Марзан Никита — Как Женюрка маму-мамулечку с Восьмым марта поздравлял

Ах, ёлки-палки! Опять Восьмое марта! Вот странно так странно. Новый Год ждёшь-ждёшь, а он еле-еле ползёт. А Восьмое марта прыгает, как блоха. Прыг-прыг – Восьмое марта. Прыг-прыг – Восьмое марта. И ведь каждое Восьмое марта нужно придумывать, что подарить маме-мамулечке. Хотя мама-мамулечка и говорит: «Женюрка, лучший подарок для меня – это твой дневник с пятёрками». Но кому нужен дневник? Особенно с трояками.
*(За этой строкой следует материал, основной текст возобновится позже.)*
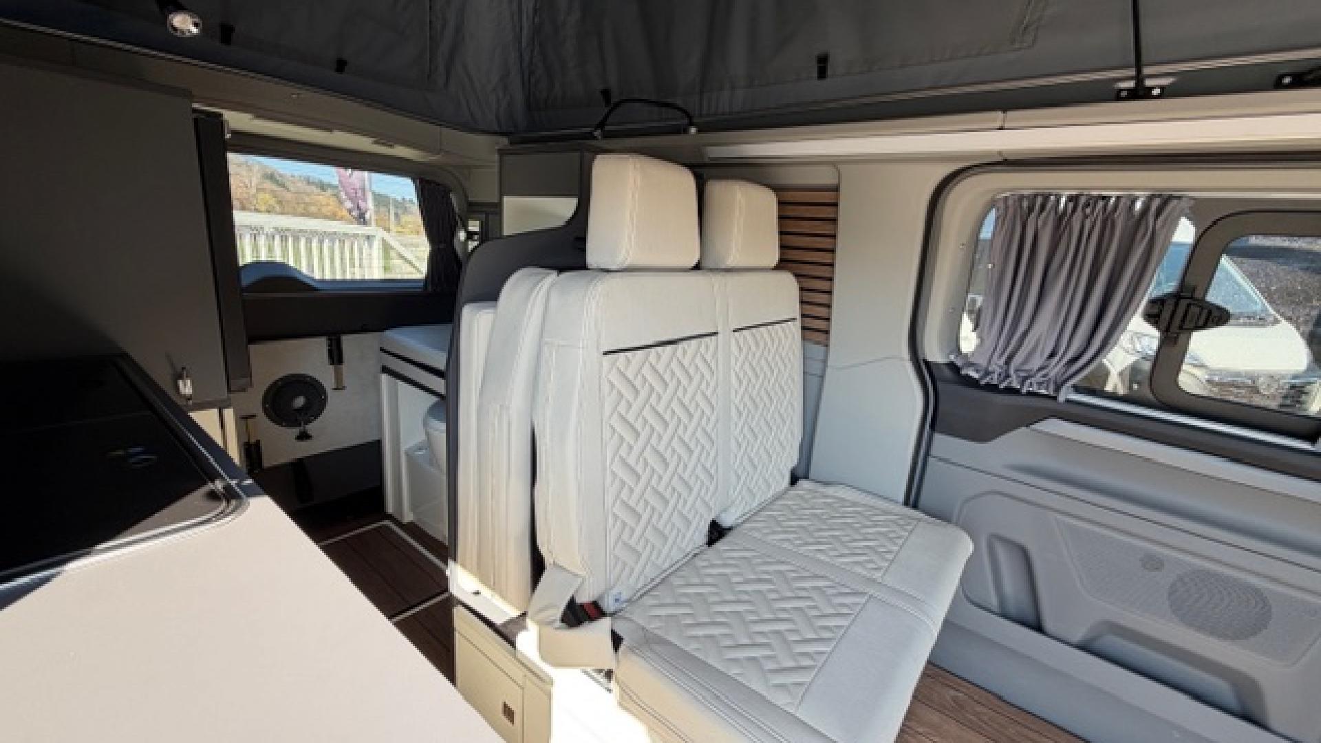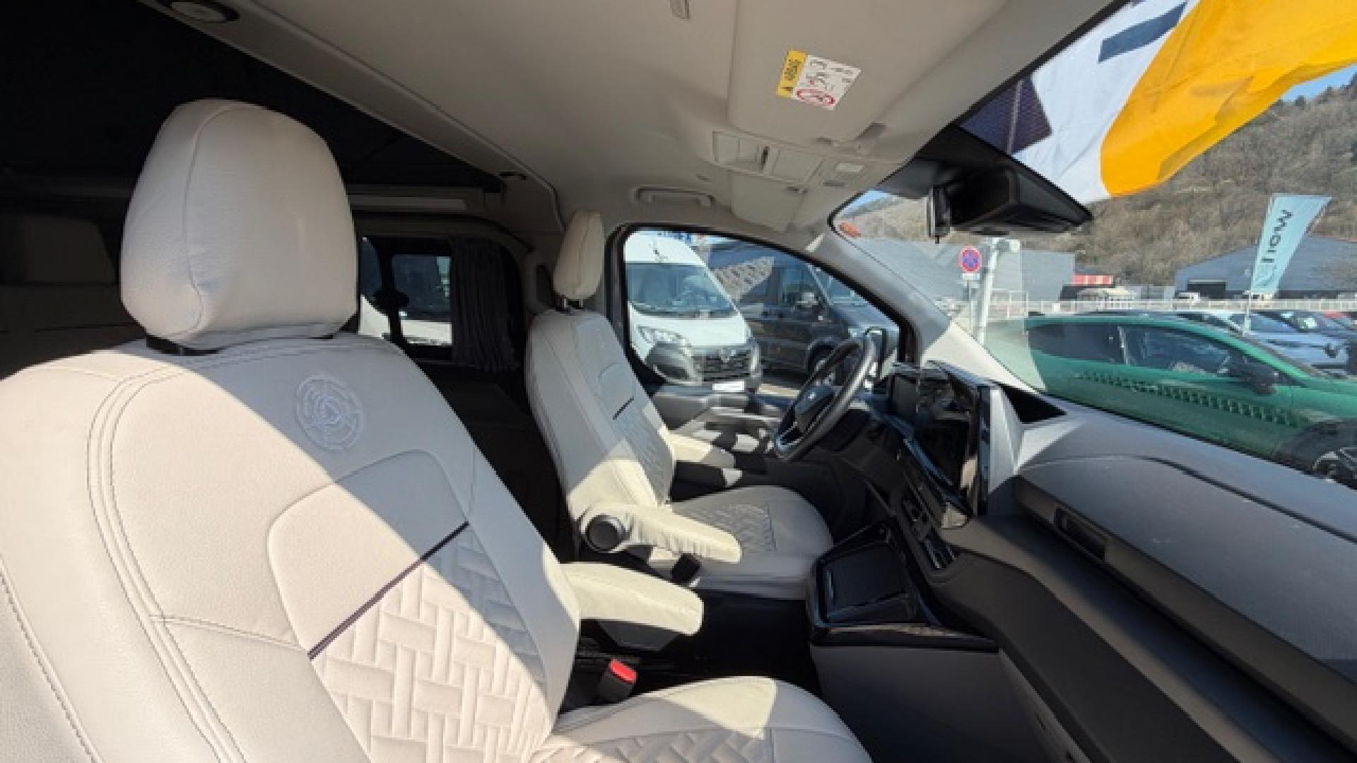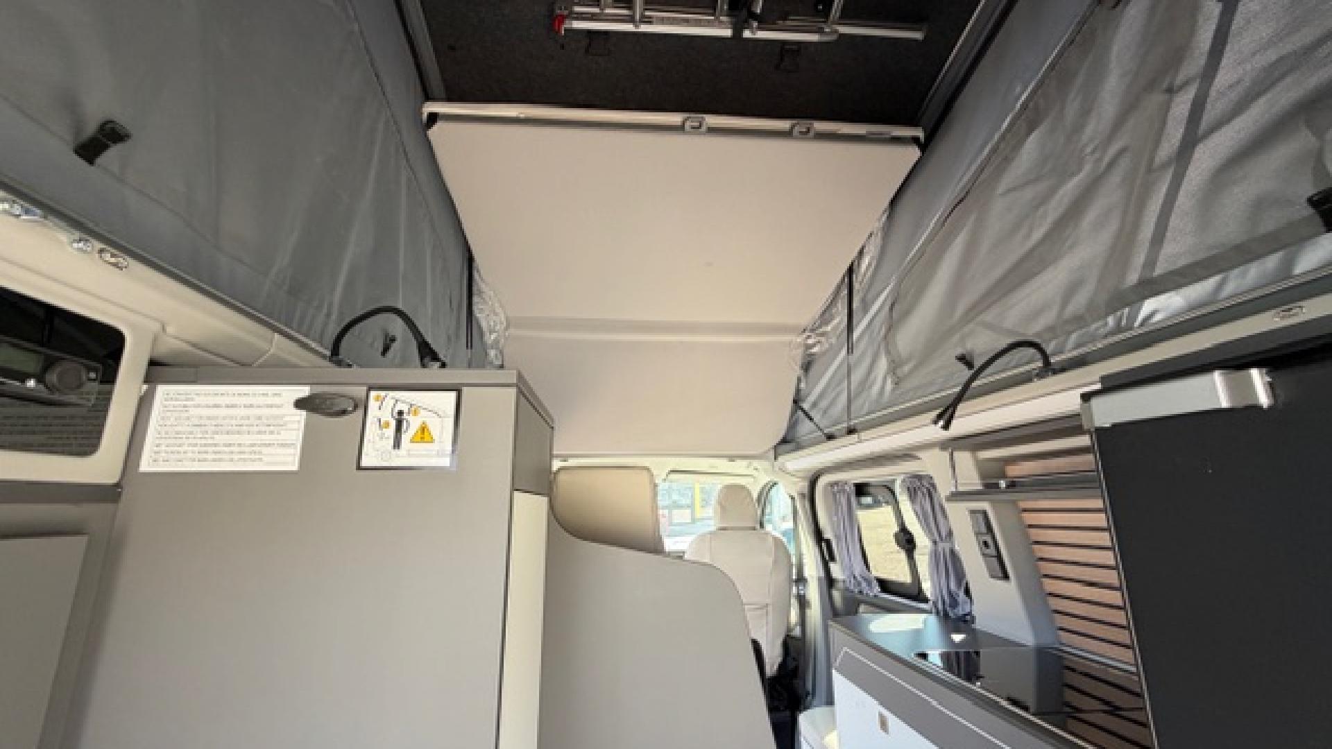 2 prises 230V au-dessus du plan de travail + 1 au seuil de porte 2ème rangéeAide au maintien dans la voieAide au stationnement arrièreAide au stationnement avantAir conditionné bi-zoneApple Carplay et Android AutoAssistance fermeture élec.porte coul.droiteAvertisseur de circulation à contre-sensBloc combiné cuisson intégré (2 feux + évier) avec couvercle formant plan de travailCaméra de reculChargeur smarphone par induction sans filChauffage stationnaire à brûleurChauffe-eau avec prise de douche extérieureEcran tactile sur penderie avec commande de l'éclairage intérieur, du chauffage, du réfrigérateur, inclinomètre, indicateur du niveau d'autonomie des batteriesFeux arrière à LEDJantes alliage 6,5" x 17" design Active en Y en Absolute BlackLimiteur de vitesse intelligentMobilier intérieur blanc avec plan de travail aspect cimentPack Assistance Conduite 5Pack Sièges avant 24 (2 places)Pare-brise chauffantPare-chocs arrière couleur carrosseriePare-chocs avant bi-ton noir/teinte carrosserieParquet façon bois "pont de bateau"Peinture opaque blanc GlacierPenderie 1 portePrise auxiliaire et USBProtections latérales couleur carrosserieReconnaissance des panneaux de signalisationRéfrigérateur 33 litres à tiroirRégulateur de vitesse adaptatif avec fonction Stop & GoRéservoir d'eau propre 33 litres avec chauffe-eauRéservoir d'évacuation des eaux grises 34 litresRétroviseurs extérieurs chauffants, réglables électriquement et rabattables électriquementStores occultants coulissants noirs (sur tous les vitrages arrière, y compris le hayon)Système d'infodivertissement SYNC 4 avec écran tactile 13"Système d'ouverture/fermeture+démarrage sans cléSystème de surveillance de la vigilance du conducteurSystème précollisionTable intérieure amovible stockée à côté de la banquette

Однажды я уже купился на эти мамы-мамулечкины слова и во что бы то ни стало решил получить пятёрку. Ну хоть одну. В честь припрыгавшего Восьмого марта. Для этого я выучил стишок. Не очень длинный. Нам как раз задали стишок учить. Там четыре строчки. Сейчас не помню, про что. Помню только… этот, как его… Размер.

Тара-тара-тарара
Тири-тири-тири
Трам-там-там-там детвора
Трюх-трюх в целом мире.

И на уроке решил руку тянуть, чтобы меня спросили. А училка взяла и заболела. Вместо неё припёрся дед по труду и весь урок трындел, как сделать табуретку из старой лыжи. Я ничего не понял, потому что зверски разозлился, что зря учил «трюх-трюх в целом мире».

После переменки был урок математики, а я всё ещё злился. Математичка вообразила, что я злюсь на неё, и вкатила мне пару, хотя я рассчитывал на трояк. Дроби я всё-таки кое-как, но помнил. Дать бы этому деду по труду табуреткой из лыжи. Короче, больше я глупостей не делал и стишки не учил.

А тут опять Восьмое марта прыгает! Вот прихожу я из школы и думаю – что делать? Даже комп не включил, хотя всегда его включаю. Сижу, затылок чешу – что же маме-мамулечке подарить? Потом решил – нужно с папой пошептаться. Всё-таки у папы и жизненный опыт, и деньги. Или одно, или другое поможет.

Папа стоял на балконе. Он смотрел на небо и чесал затылок. Так мы стояли и чесали затылки. Каждый свой.

– Прямо не знаю, что маме подарить, – сказал папа, – у неё уже всё есть.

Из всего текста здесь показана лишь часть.